TASK TO CARRY OUT: Transcribe exactly the lines from the one containing "韓国ファッション秋物ウィンターポケットラウンドネックルーズニットカーディガンセーター ジャケット ロング" through the end of the data, both included. Leave out pictures.

DATA:
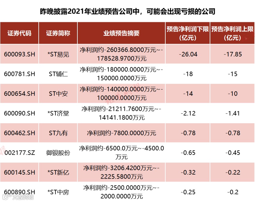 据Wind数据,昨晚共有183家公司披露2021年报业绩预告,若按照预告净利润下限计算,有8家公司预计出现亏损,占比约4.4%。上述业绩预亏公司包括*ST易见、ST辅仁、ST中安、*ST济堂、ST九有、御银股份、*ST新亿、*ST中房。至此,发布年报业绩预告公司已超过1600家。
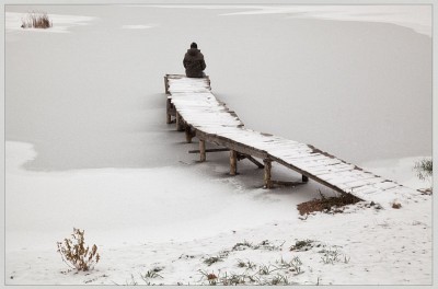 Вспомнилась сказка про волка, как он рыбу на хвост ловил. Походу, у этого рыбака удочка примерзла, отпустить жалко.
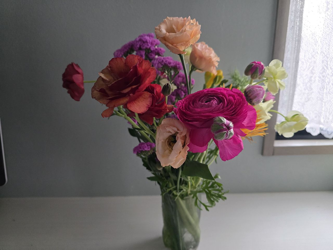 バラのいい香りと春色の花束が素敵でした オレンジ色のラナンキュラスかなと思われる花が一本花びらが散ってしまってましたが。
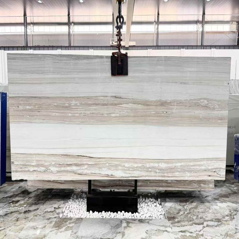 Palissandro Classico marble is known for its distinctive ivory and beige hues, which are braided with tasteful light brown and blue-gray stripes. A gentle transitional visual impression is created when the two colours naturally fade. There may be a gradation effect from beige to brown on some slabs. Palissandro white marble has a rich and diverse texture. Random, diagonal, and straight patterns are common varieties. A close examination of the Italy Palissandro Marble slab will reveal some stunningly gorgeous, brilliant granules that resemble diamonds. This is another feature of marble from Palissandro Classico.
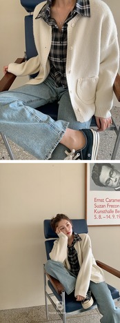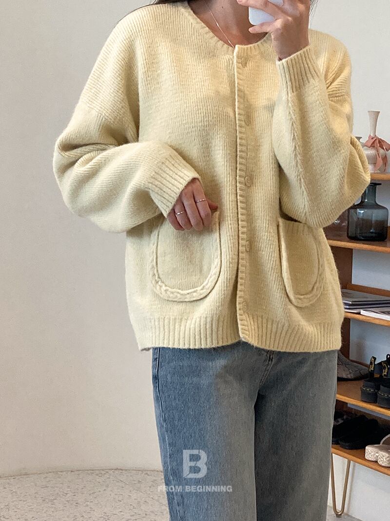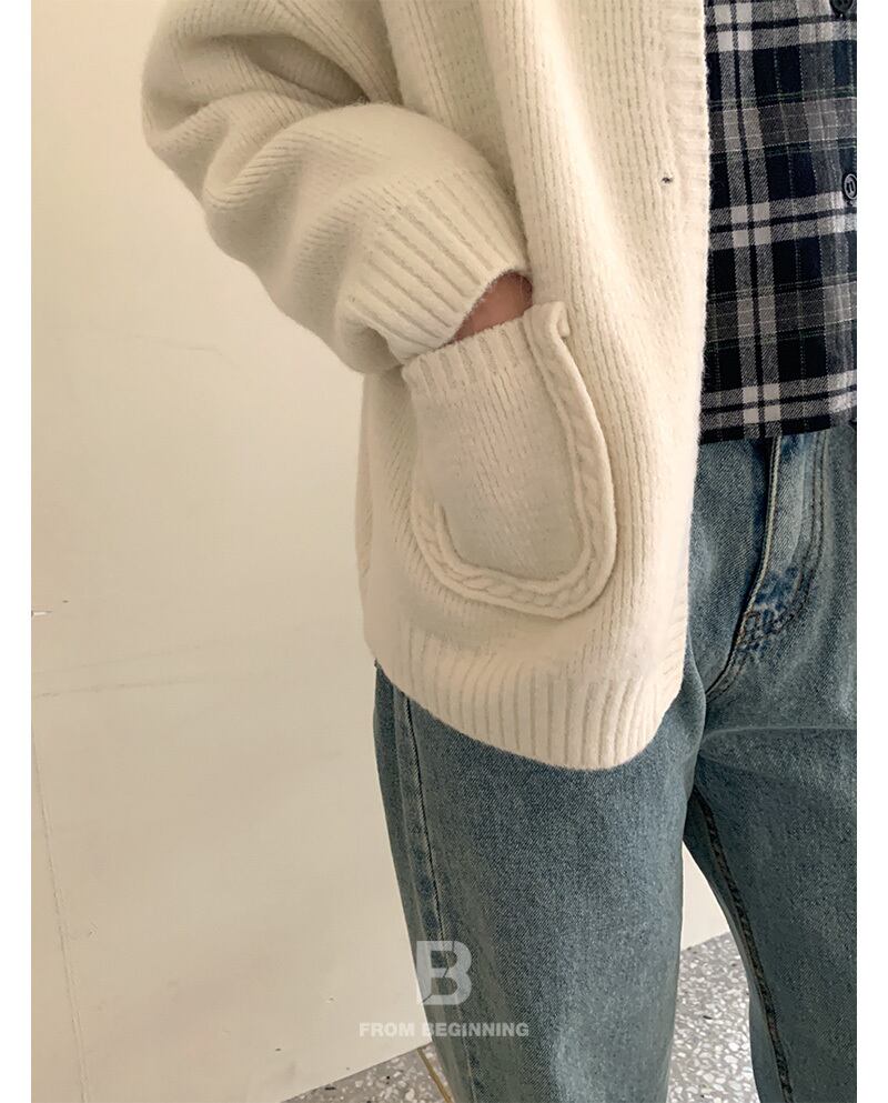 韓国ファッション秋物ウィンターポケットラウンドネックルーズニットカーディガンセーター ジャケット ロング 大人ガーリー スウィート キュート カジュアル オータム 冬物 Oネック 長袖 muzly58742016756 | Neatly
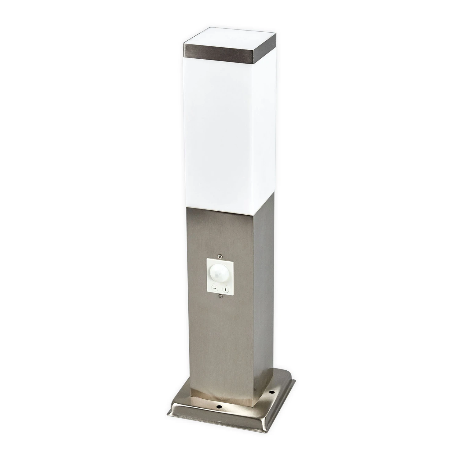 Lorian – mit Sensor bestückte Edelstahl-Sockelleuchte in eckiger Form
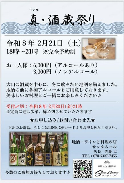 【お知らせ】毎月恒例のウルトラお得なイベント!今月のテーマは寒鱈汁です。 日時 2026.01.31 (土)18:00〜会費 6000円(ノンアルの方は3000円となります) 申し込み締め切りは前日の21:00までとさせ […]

RESPONSE BELOW:
 韓国ファッション秋物ウィンターポケットラウンドネックルーズニットカーディガンセーター ジャケット ロング 大人ガーリー スウィート キュート カジュアル オータム 冬物 Oネック 長袖 muzly58742016756 | Neatly
 Lorian – mit Sensor bestückte Edelstahl-Sockelleuchte in eckiger Form
 【お知らせ】毎月恒例のウルトラお得なイベント!今月のテーマは寒鱈汁です。 日時 2026.01.31 (土)18:00〜会費 6000円(ノンアルの方は3000円となります) 申し込み締め切りは前日の21:00までとさせ […]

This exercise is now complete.